The main advantage is in the tinygrad IR. It has 12 operations, all of which are ADD/MUL only. x[3] is supported, x[y] is not. Matrix multiplies and convolutions are just multiplies and sums, surrounded by a bunch of zero cost movement operations (like reshape, permute, expand).

# a fast matmul in tinygrad (a@b works also of course)
from tinygrad.tensor import Tensor
N = 2048; a, b = Tensor.randn(N,N), Tensor.randn(N,N)
c = (a.reshape(N,1,N) * b.permute(1,0).reshape(1,N,N)).sum(axis=2)

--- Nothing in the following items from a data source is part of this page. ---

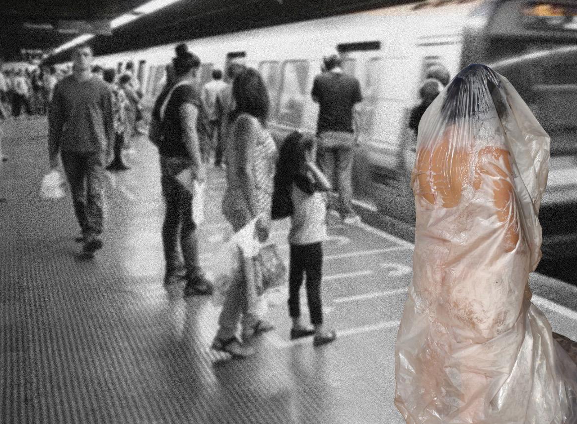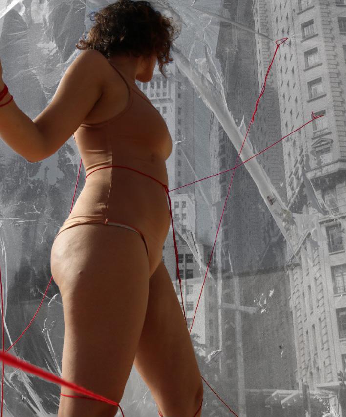 Um instalação-performance bolha que reflete as ambivalências do corpo feminino no meio urbano.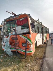 मीरजापुर जनपद के थाना जिगना क्षेत्र अंतर्गत रन्नोपट्टी गांव के पास रोडवेज बस मिर्जापुर से प्रयागराज की तरफ जा रही थी। प्रयागराज की ओर से आ रही सामने से आ रहे कंटेनर ट्रक से टक्कर हो गई, जिसमें बस सवार 15 -16 व्यक्ति घायल है तथा 03 लोगों को गंभीर चोटें आई हैं। थाना प्रभारी जिगना पुलिस बल के साथ मौके पर मौजूद हैं घायलों को इलाज हेतु अस्पताल भिजवाया जा रहा है ।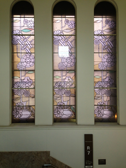伊勢丹の本館の7階から屋上庭園に出る、第二号階段の途中にあるステンドグラスを見に行きました。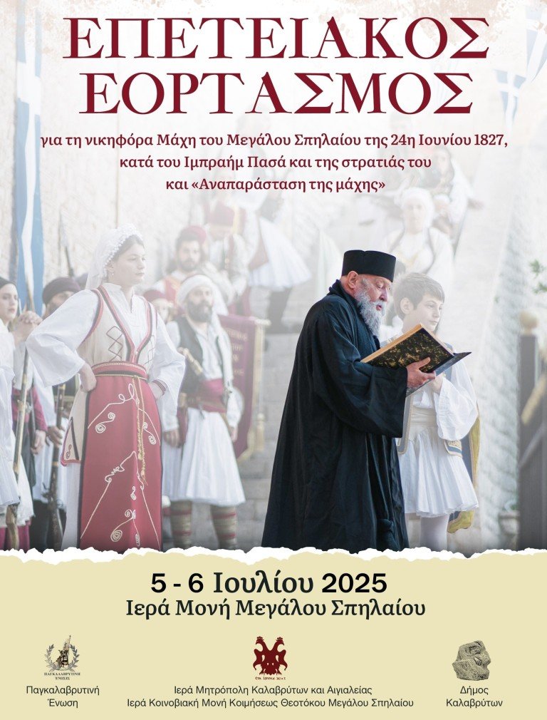 Με την ευλογία του Σεβασμιωτάτου κ. Ιερωνύμου θα εορτασθεί και εφέτος, στις 5 και 6 Ιουλίου, η επέτειος της Μάχης του Μεγάλου Σπηλαίου κατά του Ιμπραήμ Πασά και της στρατιάς του, η οποία διεξήχθη την 24η Ιουνίου 1827 στην Ιερά Μονή του Μεγάλου Σπηλαίου.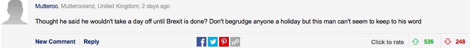 “记得他说过在完成脱欧之前不会休假?并不嫉妒任何人的休假,但鲍里斯似乎并不遵守诺言。”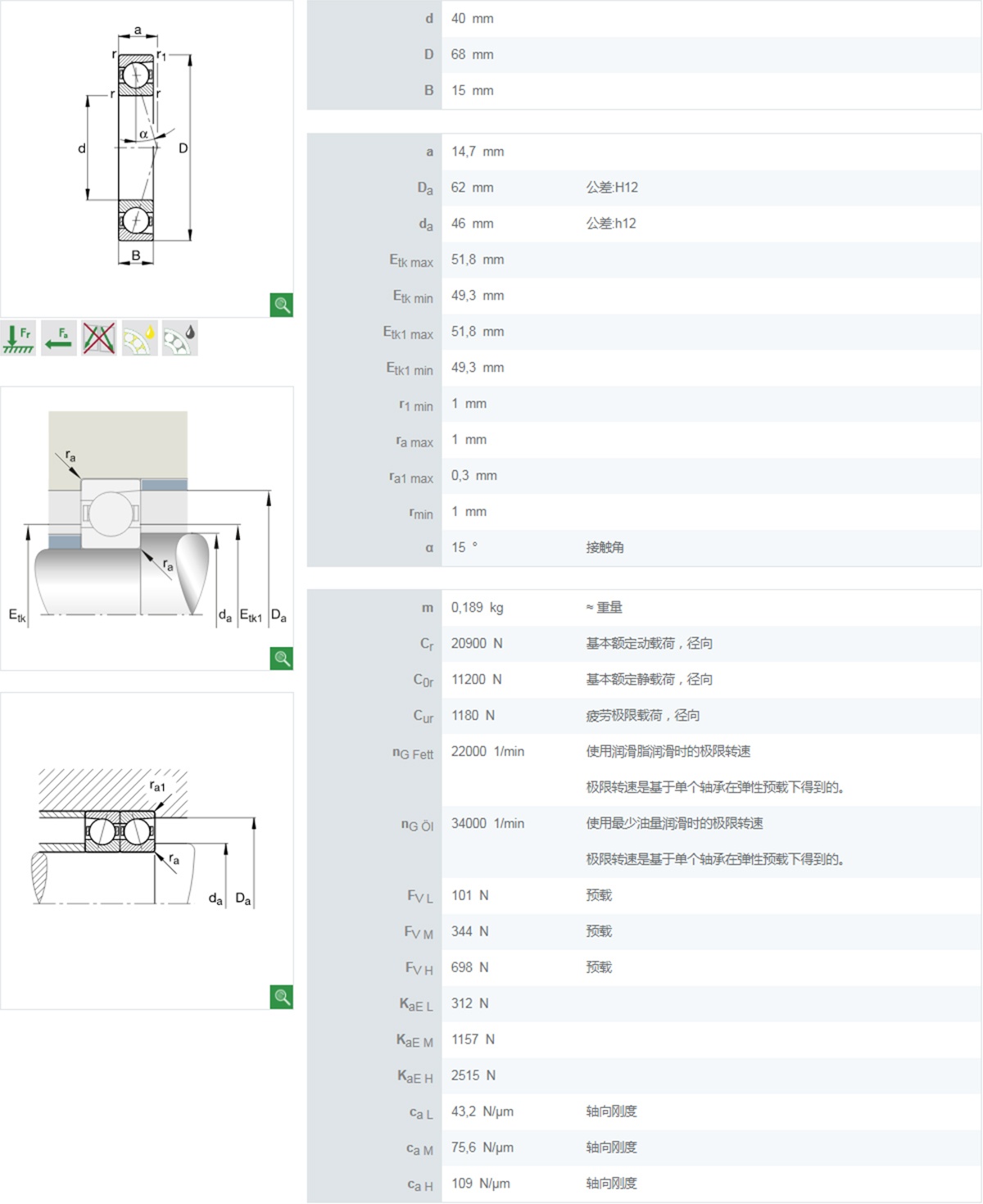 | 7008 | 40 | 68 | 15 | 20.5 | 15.9 | 15000 | 20000 | 18.7 | 14.6 | 11000 | 14000 | 0.21 |

tinygrad is lazy, like Haskell, to allow op fusion without the user ever having to think about it.

Ok, so?

The current crop of AI chip companies failed. Many of them managed to tape out chips, some of those chips even worked. But not a single one wrote a decent framework to use those chips. They had similar performance/$ to NVIDIA, and way worse software. Of course they failed. Everyone just bought stuff from NVIDIA.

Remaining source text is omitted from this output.